Branch or Tag	Unless specified otherwise by the development team, use the main branch.

Component Setup

All other parameters need to be specified in the code editor in JSON format.

src	Cockroach credentials of the instance need to be inserted here. The component will use them to connect to the events table and download specified events for further processing.
dst	Credentials to reporting the DB of the instance need to be inserted here. These are generally unavailable to users, so please contact the Meiro team to get these filled in.
skip_events_transport	Every component run drops all staging tables in the reporting DB and creates new ones. If we are building queries and testing, we can skip this by setting this to true and work with data from the previous run. Always set this to false to enable events transport for live deployment. Remember: If we run the component for the first time or add new events, we need to make at least one run with events transport enabled to ensure we have data to work with.
events_since	Specify how far into the past are we looking with an integer. The component will then process data that number of days before the current date.
events_since_now	For live deployment, always leave this empty. For backloading purposes, we can specify a date in `YYYY-MM-DD` format to replace the "current date" for the `events_since` parameter. This is useful, for example, when we have loaded the last 10 days of data and want to load the 10 days before this but don't want to waste time re-processing the already loaded data by setting events_since to 20.
events	Here we specify what events we want to transport from the CR events table. First, we specify an event_id from the CR events table, and then we choose a name for the staging table into which we will load these events. For example, `bde9d7e2-0ee1-5460-23e0-a8c8973091b4`: `wb_impression` will load events with this ID into table `analytics_staging.wb_impression`.
events_since_type	If we need to make an exception from the events_since rule for specific events, we can do so here. This can help us to prevent loading and calculating with needlessly large amounts of data. Example: `bde9d7e2-0ee1-5460-23e0-a8c8973091b4`: 7 will cause the previously specified `wb_impression` event to load only 7 days, even if events_since would be set to 30 days.
analytics: transforms	The transforms section of the analytics field serves to specify transformations in the `analytics_staging` schema. These tables will be dropped at the beginning of each run and calculated again from the events specified above. Execution order is the same as the order the queries are listed in, so in case of reliance, we need to ensure that the order is correct. Basically, all Postgres functions and practices are allowed here. Indexing is very helpful for smooth and faster runs of the component. The goal of the transforms is to prepare as straightforward bases for the live reports themselves. Make sure to run the query through a json escape tool such as this one to prevent issues caused by json formatting.
analytics: reports	Tables created in this part of the config are created in the `analytics_d` schema of the reporting DB. They are not dropped with each run, they are incrementally added instead. For each table, we need to specify a query for its base (it can be as simple as a select of one of the transforms, or it can be more complex if needed), a list of dimensions to be taken from this base, and a list of metrics. For each metric, we need to specify the data type and definition. We can also specify a filter that will apply to the whole base query if needed. Beware, if a change to table structure is needed, we need to contact the Meiro team to have the table dropped with all data in it before we can load the newly structured table. Plan accordingly!
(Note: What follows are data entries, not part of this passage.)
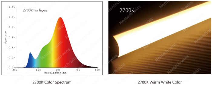 This light spectrum is Hontech-wins specially designed for layers. Hontech LED chips 2700K/Full spectrum producing by combining a red LED with blue and green phosphors.
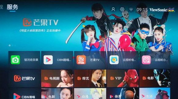 優派X10-4K內置的是芒果牛奶系統,不過主流的影視APP都也已經預裝好了,使用起來還是很方便的,交互也做的很簡潔,老人使用也沒有什么難度。
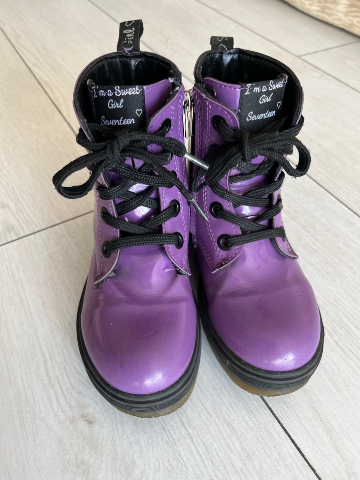 Koyu mor kauçuk, goth tarzı kız çocuk botları. Siyah bağcıklı, tokalı, yanlarda fermuarlı ve bağlamalı. Dil kısmında yazı detayı bulunur.
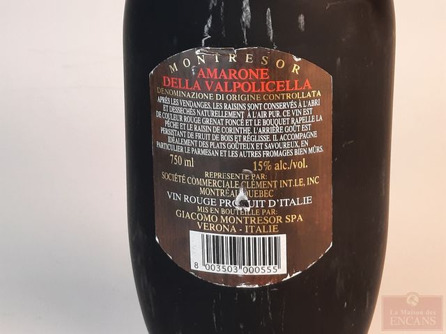 Lot # 13 - Amarone Montresor 2008 – Appellation d’origine Contrôlée – Italie – 15% - 750ml - un frais spécial versé à la SAQ de 10% +TPS/TVQ doit être ajouté au montant de vente
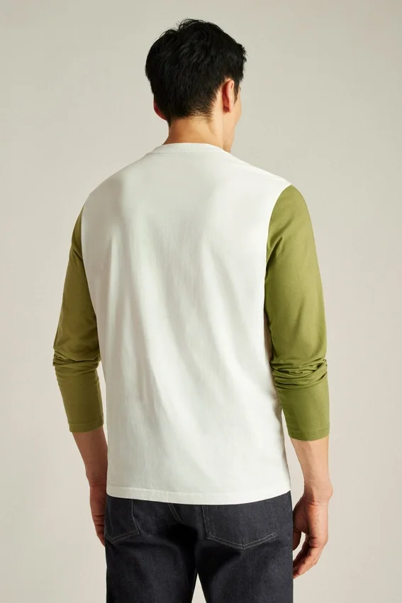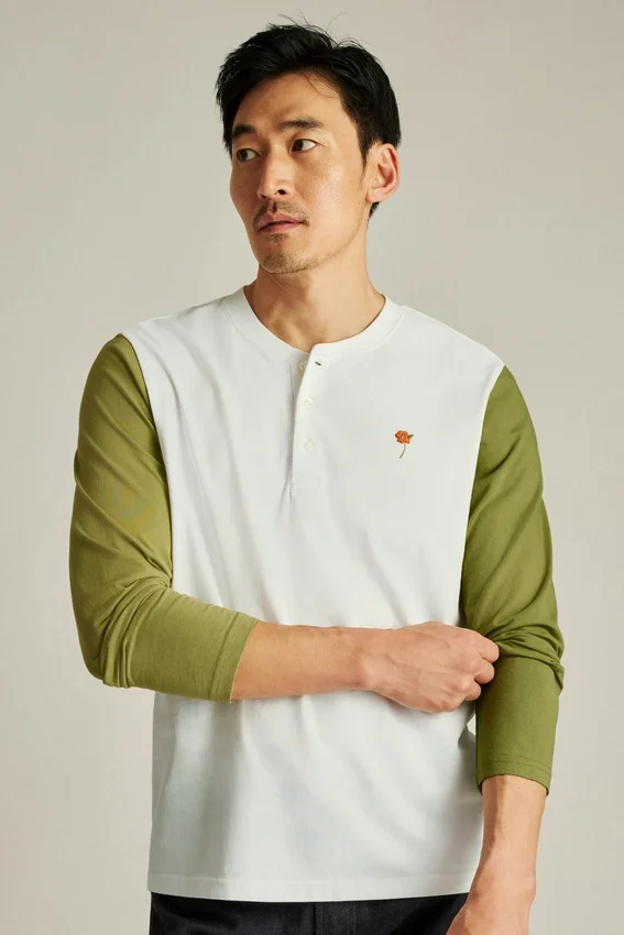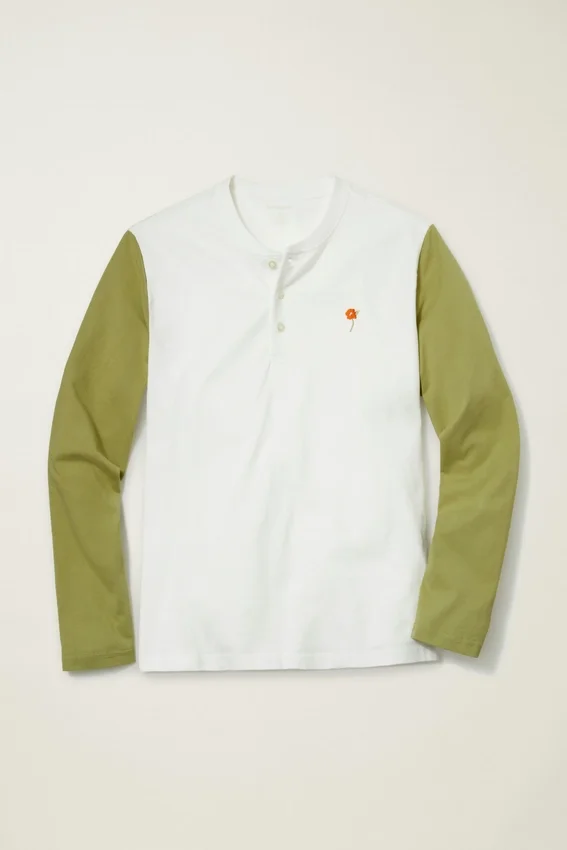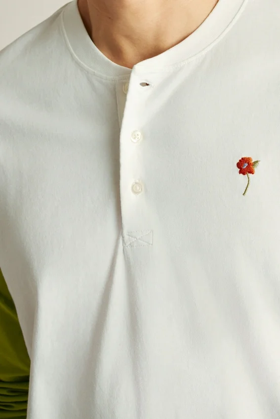 Tejido de jersey de peso medio en algodón suave y transpirable | Mangas en color de contraste | Cuello Henley con tapeta oculta | Bordado en el pecho izquierdo
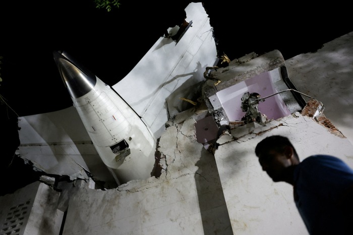 Air India-ს თვითმფრინავის ვიაკატასტროფის ადგილი, რომელიც ლონდონის გატვიკის აეროპორტისკენ მიფრინავდა და აფრენის დროს ჩამოვარდა — აჰმედაბადის აეროპორტი, ინდოეთი, 2025 წლის 12 ივნისი.
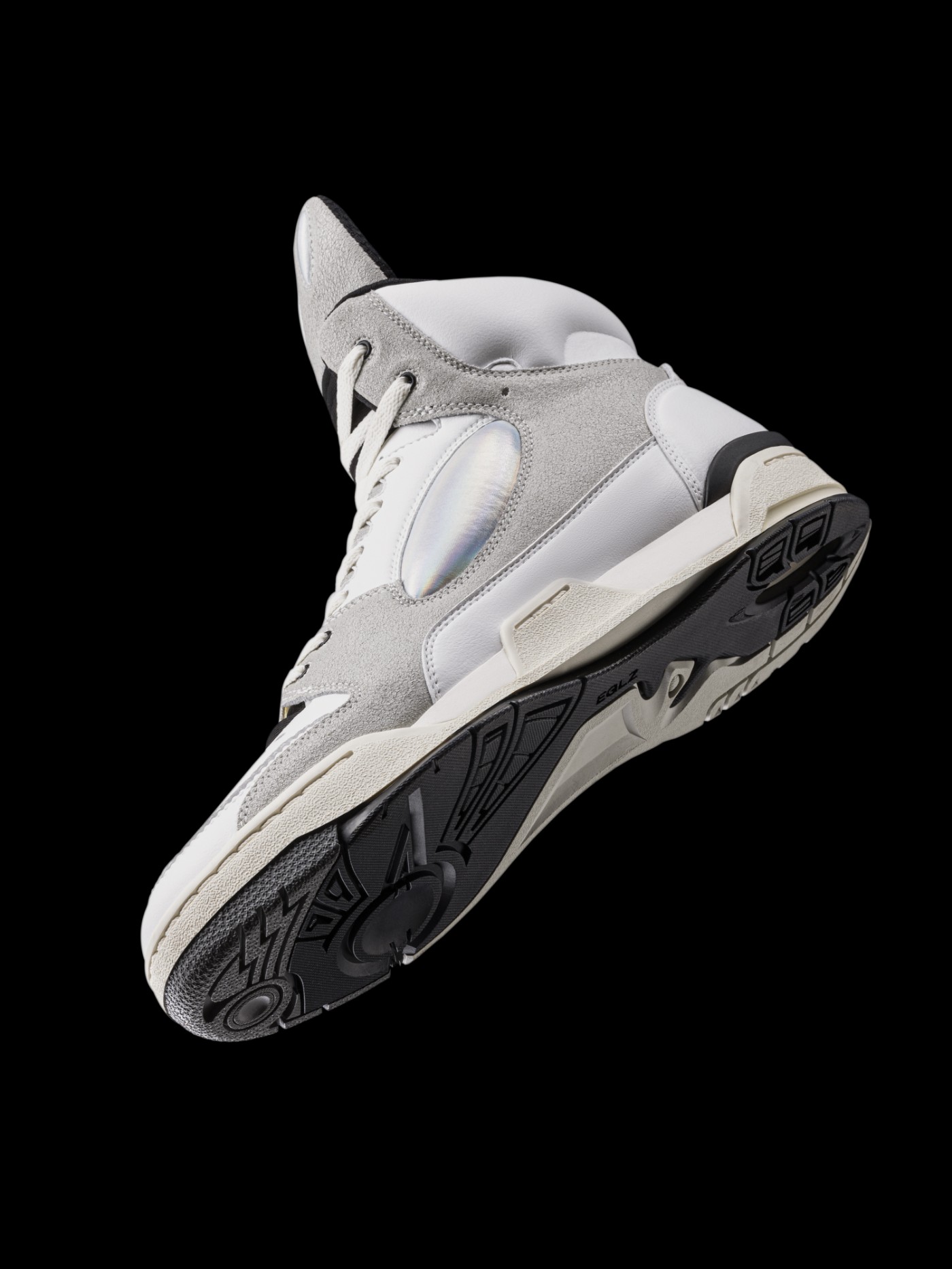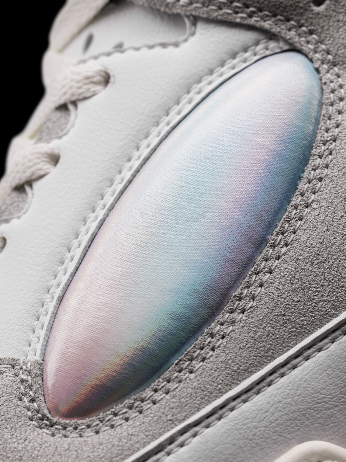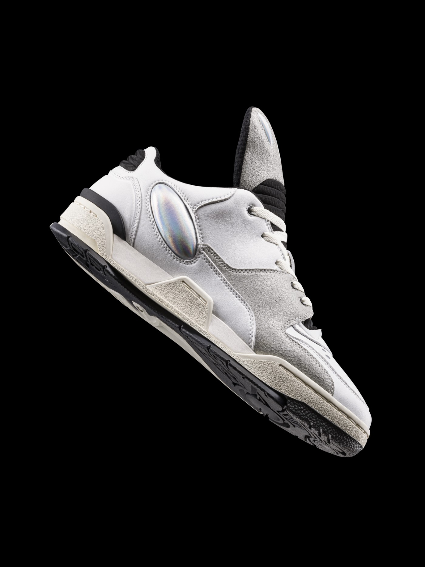 鞋面采用大面积皮质搭配麂皮材料打造,保证质感表现的同时,旨在对 80 年代的篮球鞋进行致敬。
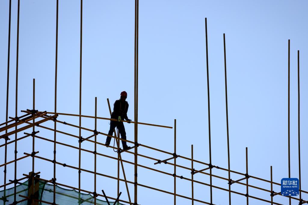 4月29日,建筑工人在山东省枣庄市一处建设工地施工。
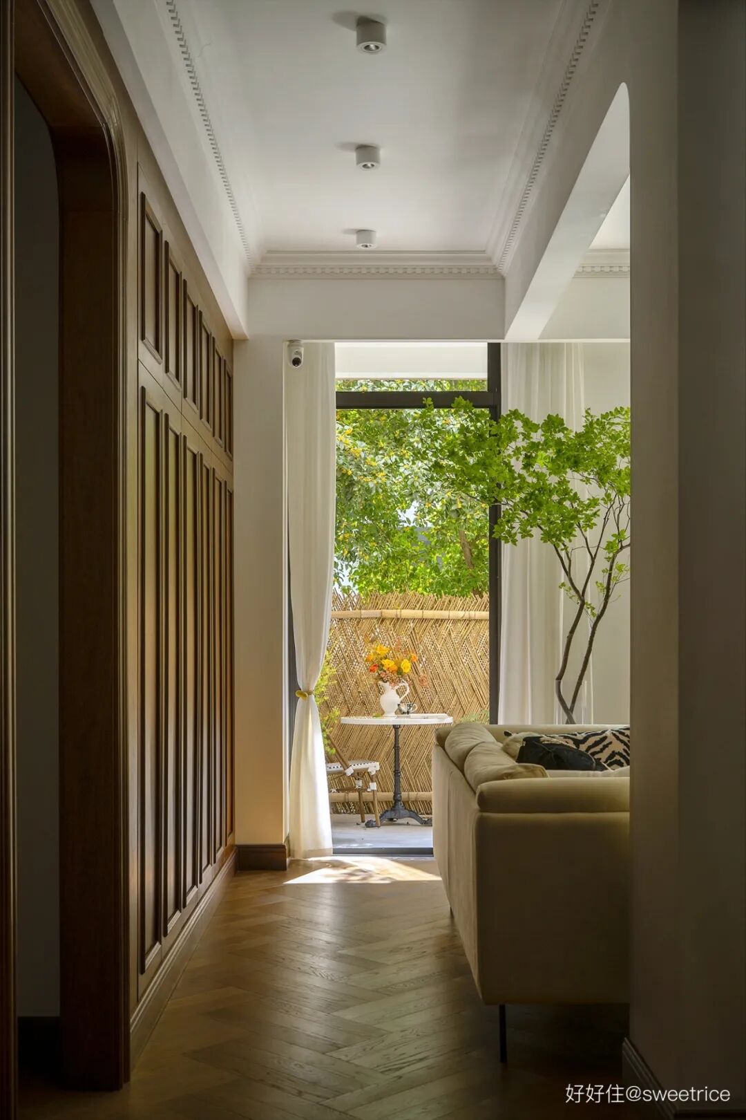 客厅沙发区域增设墙垛、假梁,和背景墙形式的收纳柜组成走廊空间,将人的视线引向户外的庭院。走廊的宽度和层高形成优美黄金比,连续的木饰面柜门、射灯、以及顶棚的装饰线条,都强化了空间的序列感。
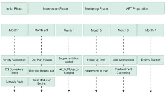 Structured lifestyle counseling that incorporates stress reduction, weight management, limiting alcohol intake, and quitting smoking as part of preconception care has been shown to optimize the reproductive window and improve the likelihood of natural conception [66]. A more integrated and effective model of care can be achieved when fertility doctors partner with dietitians, physical therapists, and mental health specialists. Moreover, implementing a pre-treatment optimization phase that includes nutritional and lifestyle modifications before initiating ART may improve gamete quality and implantation success. For example, pre-treatment weight loss in individuals with obesity has been associated with improved hormonal balance, reduced OS, and higher clinical pregnancy rates (Figure 3 and Figure 4) [67].
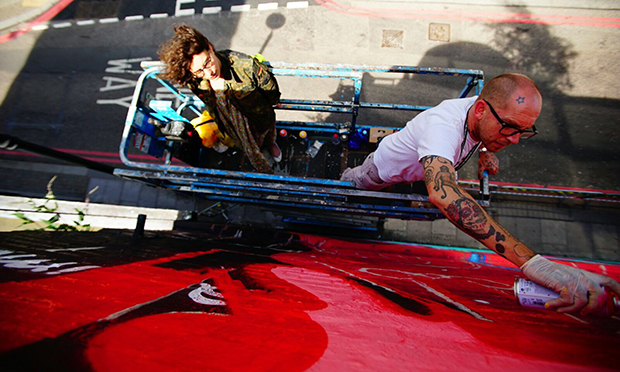 Ben Eine, fresh from a day of painting and spraying, said he was proud to be involved in such an “important and historic initiative”, adding: “Our hope for this mural, which we’re painting in response to the Grenfell fire, is that it will help keep this discussion alive and bring the victims and survivors out of the shadows so they can receive justice.”

Warning: When setting up various values in events_since, events_since_now, and events_since_type make sure that there are events in CR for the days that will be loaded! In cases with short event retention, you can ruin your reports by trying to load days without events, which will cause the incremental nature of loading to load empty data.

{
  "src": {
    "host": "CR host of the instance",
    "port": "CR port",
    "user": "general CR user of the instance",
    "#pass": "password of the user",
    "db": "database name of the instance"
  },
  "dst": {
    "host": "host of reporting DB for the instance",
    "port": "port of the reporting DB",
    "user": "user of the reporing DB",
    "#pass": "password of the user",
    "db": "reporting"
  },
  "skip_events_transport": boolean,
  "events_since": "integer",
  "events_since_now": "empty or YYYY-MM-DD",
  "events": {
    "event_id1": "table_name1",
    "event_id2": "table_name2",
    "event_id3": "table_name3"
  },
  "events_since_type": {
    "event_id1": integer,
    "event_id2": integer
  },
  "analytics": {
    "transforms": [
      {
        "transform1": "query1; create index on analytics_staging.transform1 (column1);"
      },
      {
        "transform2": "query2; create index on analytics_staging.transform2 (column1);"
      },
      {
        "transform3": "query3;"
      }
    ],
    "reports": {
      "se_campaigns_emails": {
        "base": "select * from transform1",
        "dimensions": {
          "dimension1": "COALESCE(column1, '')",
          "dimension2": "COALESCE(column2, '')"
        },
        "metrics": {
          "metric1": {
            "data_type": "INT",
            "definition": "COUNT(*) FILTER (WHERE column2 = 'type1')"
          },
          "metric2": {
            "data_type": "INT",
            "definition": "SUM(value) FILTER (WHERE column2 = 'type2')"
          },
          "metric1_entity": {
            "data_type": "hll",
            "definition": "hll_add_agg(hll_hash_text(customer_entity_id::text)) FILTER (WHERE column2 = 'type1')"
          },
          "metric2_entity": {
            "data_type": "hll",
            "definition": "hll_add_agg(hll_hash_bytea(decode(replace(customer_entity_id::text, '-', ''), 'base64'))) FILTER (WHERE column2 = 'type2')"
          }
        },
        "filter": ""
      }
    }
  }
}

Metabase

Further steps are made in Metabase, where we again need to reach out to Jan or create a Jira ticket in #help_it Slack channel to have it connected to the reporting DB. Then we can start writing queries into our tables defined in analztics"reports section of the config. The basic function to work with the HLL aggregated values is hll_cardinality(hll_union_agg(metric)). More advanced methods can be researched if needed.

Troubleshooting

It is a good practice to watch the logs - the component lists the steps as it is going through them. A SQL error will always be displayed and will be related to the last query listed.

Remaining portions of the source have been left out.